Когда Пьер уехал и сошлись вместе все члены семьи, его стали судить, как это всегда бывает после отъезда нового человека и, как это редко бывает, все говорили про него одно хорошее.


Возвратившись в этот раз из отпуска, Ростов в первый раз почувствовал и узнал, до какой степени сильна была его связь с Денисовым и со всем полком.
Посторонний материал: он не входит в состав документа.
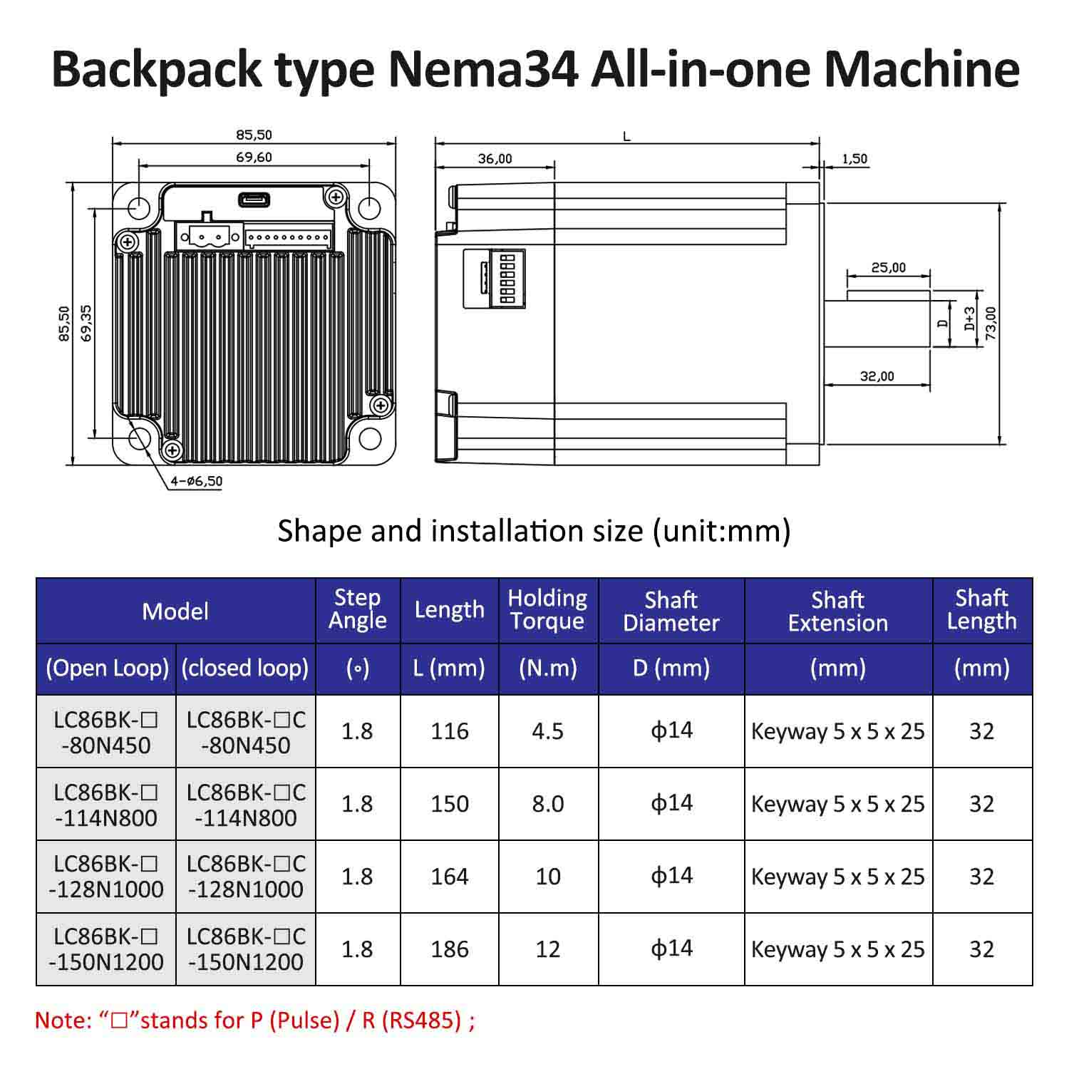 Kit Pemacu Motor Servo AC Lichuan A8 Ketepatan Tinggi STO ABZ 600W 1.91N.m 220V 3.3A 3000RPM IP65Jenis Backpack NEMA34 Open Loop-Closed Loop Integrated Stepper Motor mempunyai gelung terbuka/tertutup. Yang mempunyai kawalan nadi/rs485. Pulse/RS485 Program Pemprosesan Penggera All-in-One. Operasi yang stabil dengan lownoise dan kenaikan suhu, tiada langkah kehilangan langkah. Sistem Stepper All-in-One-Saving Saving memudahkan pemasangan.Flange Saiz: 86 mm. Sudut Langkah: 1.8 Sudut Langkah. Memegang tork 4.5/8.0/10/12n.m. Resolusi Encoder (PPR): Buka Gelung: Tiada / Loop Tertutup: 1000ppr. Julat Kuasa: DC24 ~ 90V atau AC30 ~ 60V/Voltan yang dicadangkan: DC48V/Kuasa Bekalan Kuasa: ≥250W. Kami adalah kilang asal, kami mempunyai CE, sijil ROHS.

Когда Ростов подъезжал к полку, он испытывал чувство подобное тому, которое он испытывал, подъезжая к Поварскому дому. Когда он увидал первого гусара в расстегнутом мундире своего полка, когда он узнал рыжего Дементьева, увидал коновязи рыжих лошадей, когда Лаврушка радостно закричал своему барину: «Граф приехал!» и лохматый Денисов, спавший на постели, выбежал из землянки, обнял его, и офицеры сошлись к приезжему, – Ростов испытывал такое же чувство, как когда его обнимала мать, отец и сестры, и слезы радости, подступившие ему к горлу, помешали ему говорить. Полк был тоже дом, и дом неизменно милый и дорогой, как и дом родительский.
Явившись к полковому командиру, получив назначение в прежний эскадрон, сходивши на дежурство и на фуражировку, войдя во все маленькие интересы полка и почувствовав себя лишенным свободы и закованным в одну узкую неизменную рамку, Ростов испытал то же успокоение, ту же опору и то же сознание того, что он здесь дома, на своем месте, которые он чувствовал и под родительским кровом. Не было этой всей безурядицы вольного света, в котором он не находил себе места и ошибался в выборах; не было Сони, с которой надо было или не надо было объясняться. Не было возможности ехать туда или не ехать туда; не было этих 24 часов суток, которые столькими различными способами можно было употребить; не было этого бесчисленного множества людей, из которых никто не был ближе, никто не был дальше; не было этих неясных и неопределенных денежных отношений с отцом, не было напоминания об ужасном проигрыше Долохову! Тут в полку всё было ясно и просто. Весь мир был разделен на два неровные отдела. Один – наш Павлоградский полк, и другой – всё остальное. И до этого остального не было никакого дела. В полку всё было известно: кто был поручик, кто ротмистр, кто хороший, кто дурной человек, и главное, – товарищ. Маркитант верит в долг, жалованье получается в треть; выдумывать и выбирать нечего, только не делай ничего такого, что считается дурным в Павлоградском полку; а пошлют, делай то, что ясно и отчетливо, определено и приказано: и всё будет хорошо.